Photo: 353 Media Group

A New Nashville Museum Traces 400 Years of Black Music

The National Museum of African American Music contextualizes how Black song traditions contributed to the American soundscape.
By Tom Morris
March 6, 2021
2 minute read

More than two decades in the making, the National Museum of African American Music opened last month in Nashville, Tennessee, on Martin Luther King Jr. Day. Through its seven galleries and the some 1,500 objects in its collection—which range from one of Jimi Hendrix’s wrecked guitars to a trombone owned by the late musician Helen Jones-Woods, who played in the first integrated all-female jazz orchestra—more than four centuries of Black music, and the ways in which it contributed to the United States’s soundscape, are unpacked, preserved, and celebrated. “We want visitors to see how African-American music affects the music they listen to now,” senior curator Dr. Steven Lewis says. “And we hope they leave the museum with a deeper understanding of how today’s music fits into the context of Black music history as a whole.”

The institution takes visitors on a chronological journey through the history of American song, reaching as far back as the instruments and dance traditions brought to the country by enslaved Africans in the early 1600s. One section, “Wade in the Water,” examines the roots of gospel music, while another, “A Love Supreme,” considers the Harlem Renaissance and the early days of jazz; a segment called “The Message” surveys the beginnings of hip-hop. There are also several tributes to lesser-known acts, including the early blues singer Ma Rainey and Sister Rosetta Tharpe, a trailblazing queer woman whose rock ’n’ roll guitar stylings influenced musicians including Chuck Berry and Little Richard.

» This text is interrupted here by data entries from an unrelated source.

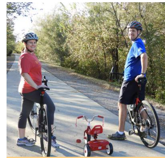
WAITING FOR OUR THIRD WHEEL
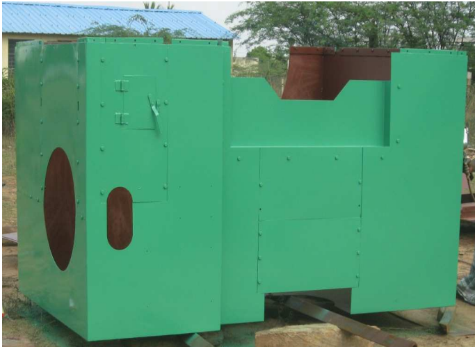
Lagging Cover for Steam Turbine
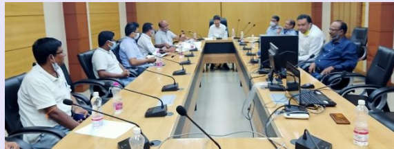
Safety Committee meeting on 29-10-21, TGBPS
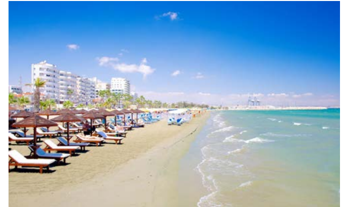
6 MINUTES FROM FINIKOUES BEACH
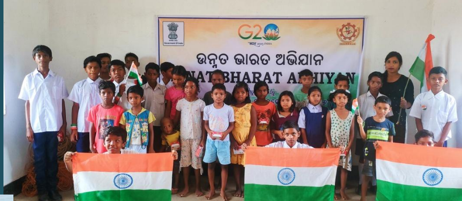
Kids of nearby schools with UBA NIT Rourkela team
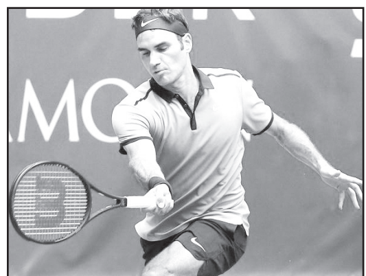
Roger Federer of Switzerland returns the ball during the men's singles quarterfinal match against Florian Mayer of Germany in the Gerry Weber Open 2017 in Halle, Germany, on June 23, 2017.

Federer, who has yet to drop a set in Halle after crashing out of Stuttgart in his first match back last week, limited his serve-and-volley game
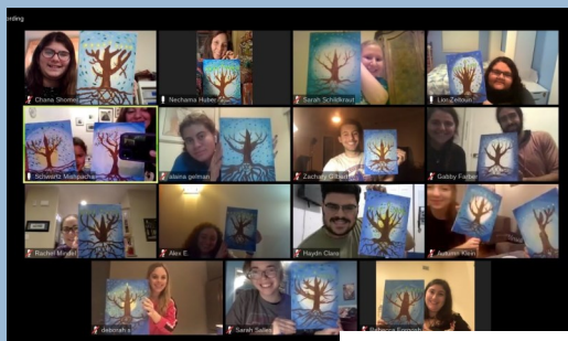
VIRTUAL PAINT PARTY
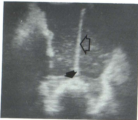
Fig. 1.—Case 1. Transverse intraoperative sonogram of L4–L5 laminectomy site. Microbubbles in saline bathe dural sac. Metal cannula ( open arrow ) demarcates dural interface ( solid arrow ), which is thickened and impedes acoustic signal to further through-transmission.

Initially, microbubbles were prominent in the water bath of the surgical site, but after a few minutes they resorbed to produce a clear space above the dural sheath. It was not necessary to actually put the transducer on the dural sheath
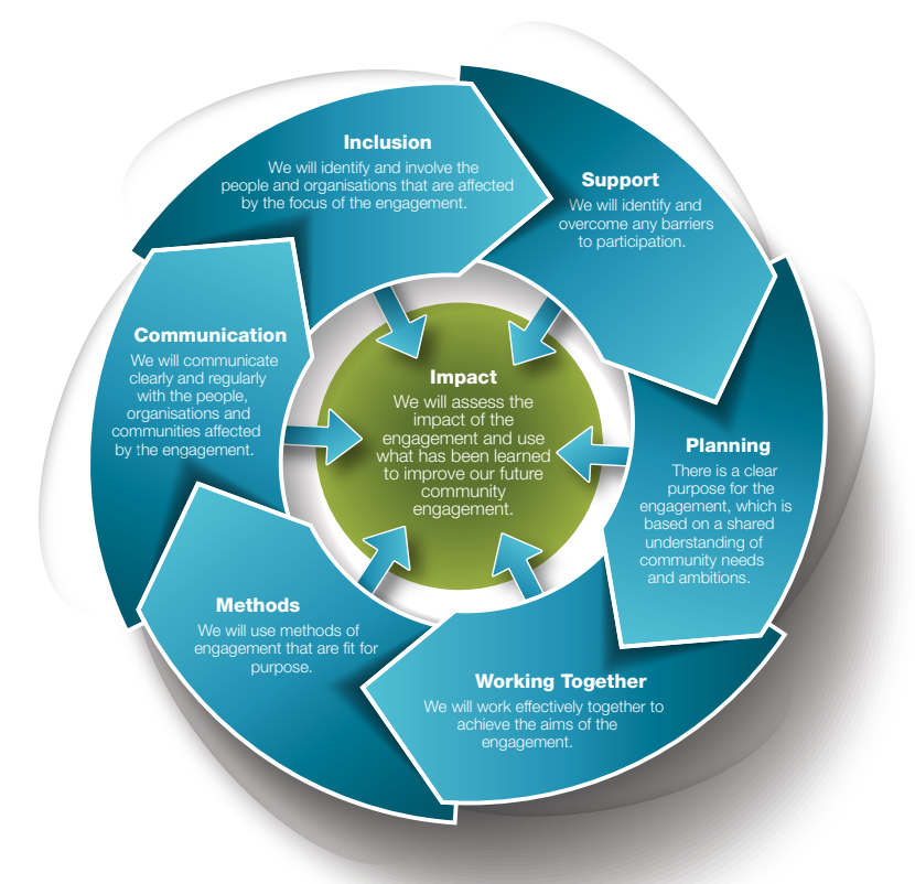
Figure 1: Seven Scottish National Standards for Community Engagement

The National Standards for Community Engagement
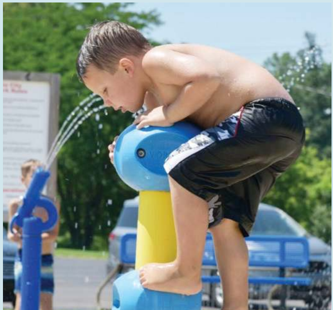
An endowment fund exists to offset the costs of running and maintaining the Splashpad in Morsches Park.
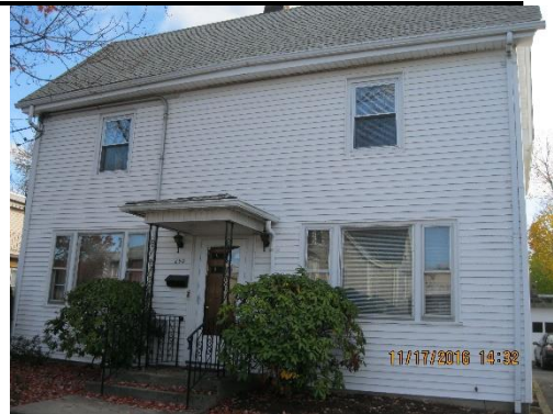
290 Watertown Street

The purpose of this memorandum is to provide the City Council and the public with technical information and planning analysis conducted by the Planning Department. The Planning Department's intention is to provide a balanced review of the proposed project based on information it has at the time of the public hearing. Additional information about the project may be presented at or after the public hearing for consideration at a subsequent working session by the Land Use Committee of the City Council.
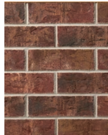
VIENNA Sizes: Premier Plus
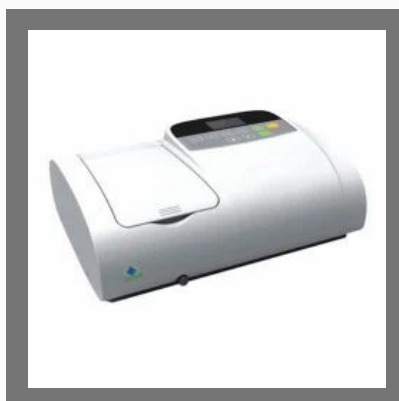
Single Beam UV- Visible Spectrophotometer
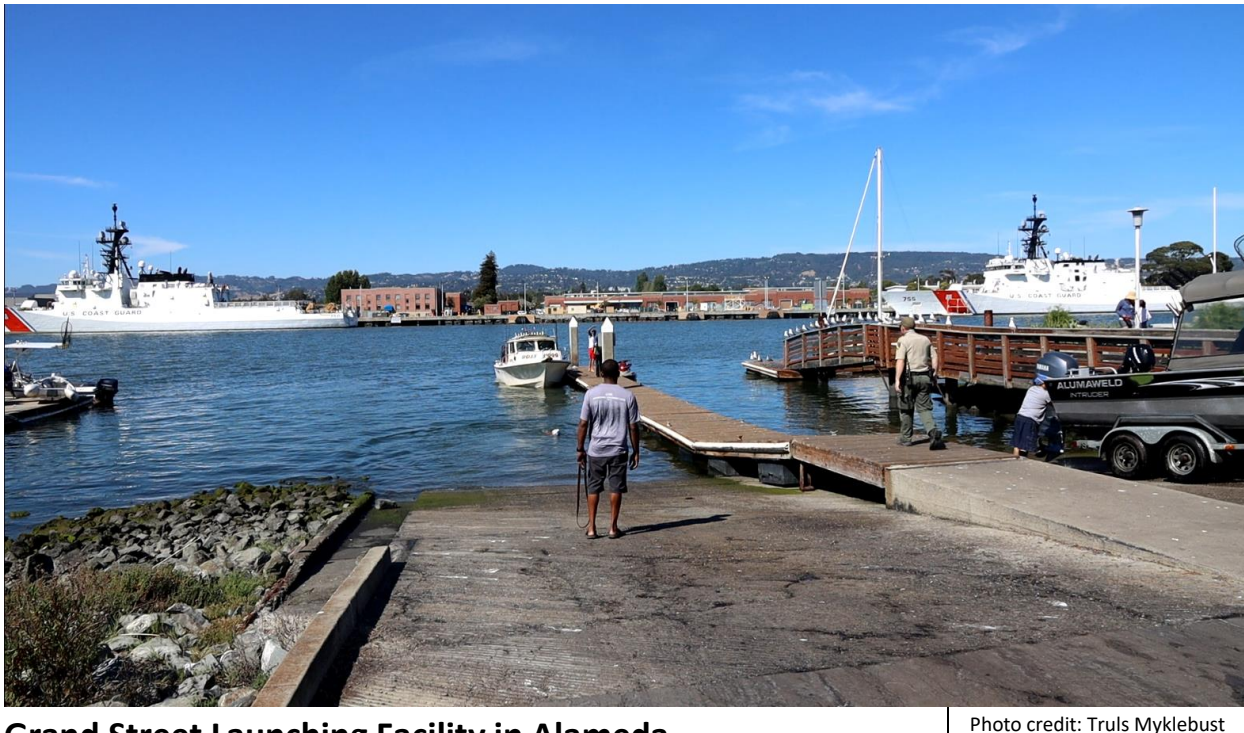
Grand Street Launching Facility in Alameda

There are lots of launch ramps in the Bay Area and the areas just beyond, each with pros and cons. If you're bringing your trailerable multihull to the Bay Area, here are the available launch ramps that are closest to the Central Bay. This article only covers launch ramps into the bay, the sea, or rivers or estuaries that are connected to the bay. No lakes are covered in the below.
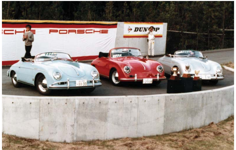
Far-East: Porsche Parade in Japan in the 1980s

In August 1975 , the 917/30 once again made headlines when Mark Donohue set a lap record that remains unbeaten to the present day on the oval circuit of Talladega in Alabama: the American drove the fastest lap, with an average speed of 355.85 km/h.
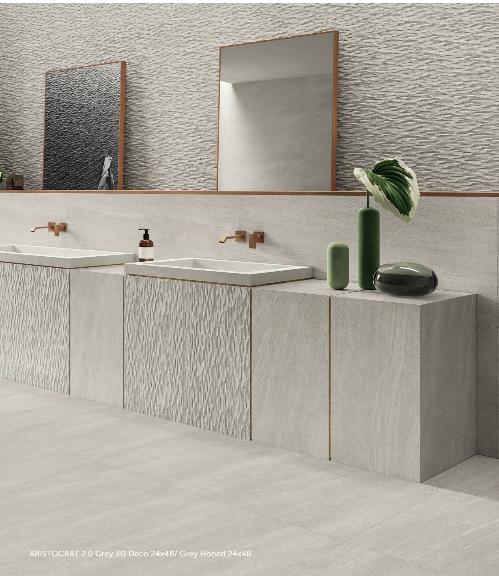
ARISTOCRAT 2.0 Grey 3D Deco 24x48/ Grey Honed 24x48
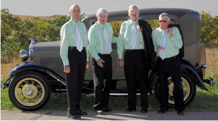
The Apple Core Tet
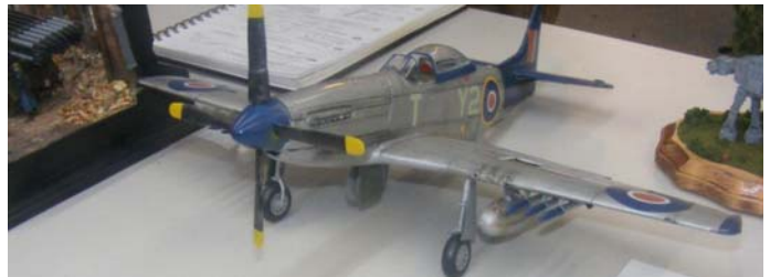
Lindell Burris' 1/24 Airfix P-51D Mustang
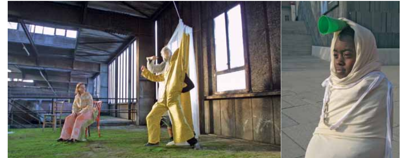
Example 1: School as a cultural centre. Staging curtain materials; developing possible roles inspired by fragments of costumes and space. Starting point: spontaneous theatre. Playful approach to variations in self-dramatisation. Examination and reflection on intentional and unintentional effects, experimentation with possibilities of social interaction. Interaction of different levels of the creative design process.

The function of schools in society is not only to give our children knowledge and skills, but to open up spheres of experience and development in which young people can get to know themselves and become familiar with the world, and which will comprehensively foster the development of their personalities.
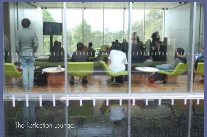
The Reflection Lounge.
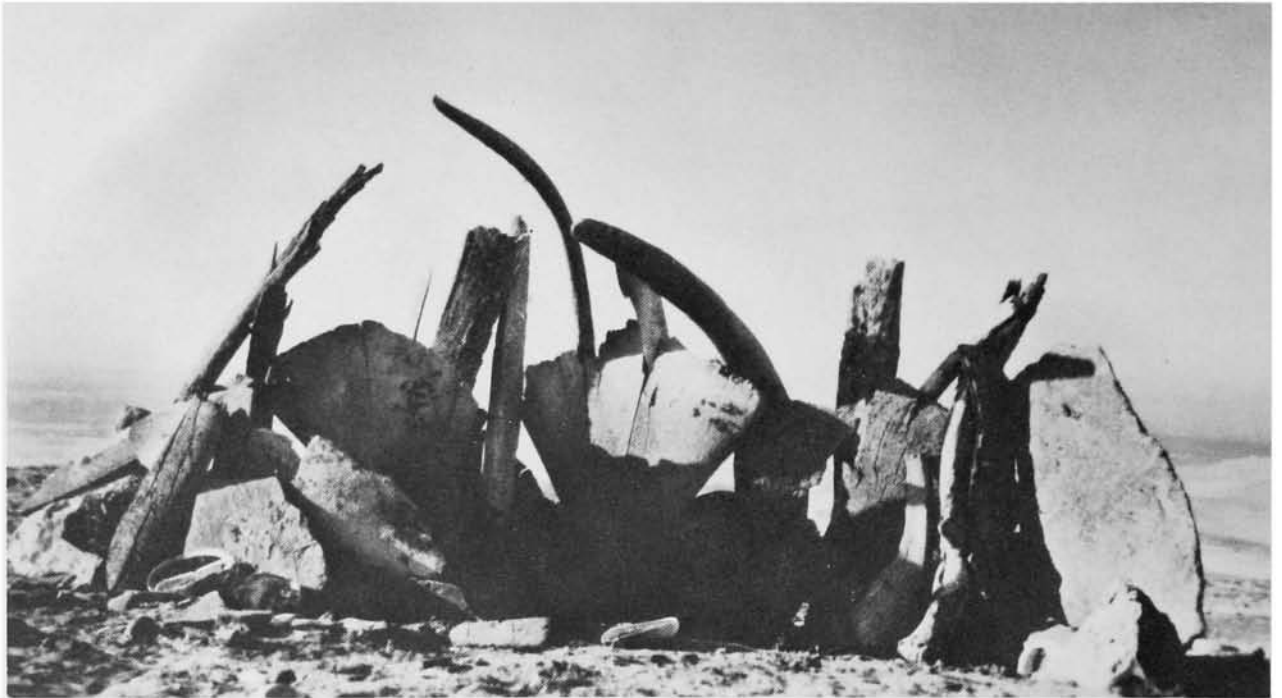
Fig. 5. Overall view of reconstructed hut. Photograph by Marion Hollenbach, December 1, 1940.
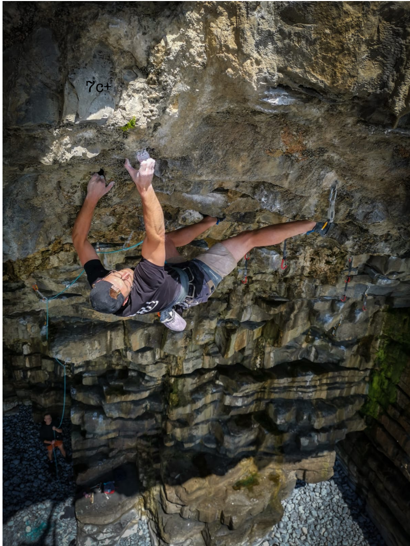
Crux at the top is a theme here...

The experience, enhanced with interactive activities for visitors, who can make hip-hop beats or sing “Oh Happy Day” with a virtual gospel choir, paints a compelling picture of how culture influences sound and vice versa. “African Americans are responsible for the musical legacy of our country,” Dr. Lewis says. “That music and its artists don’t emerge out of a vacuum—they were influenced by their environment, their history, and what was going on around them. We want to set all of that in context.”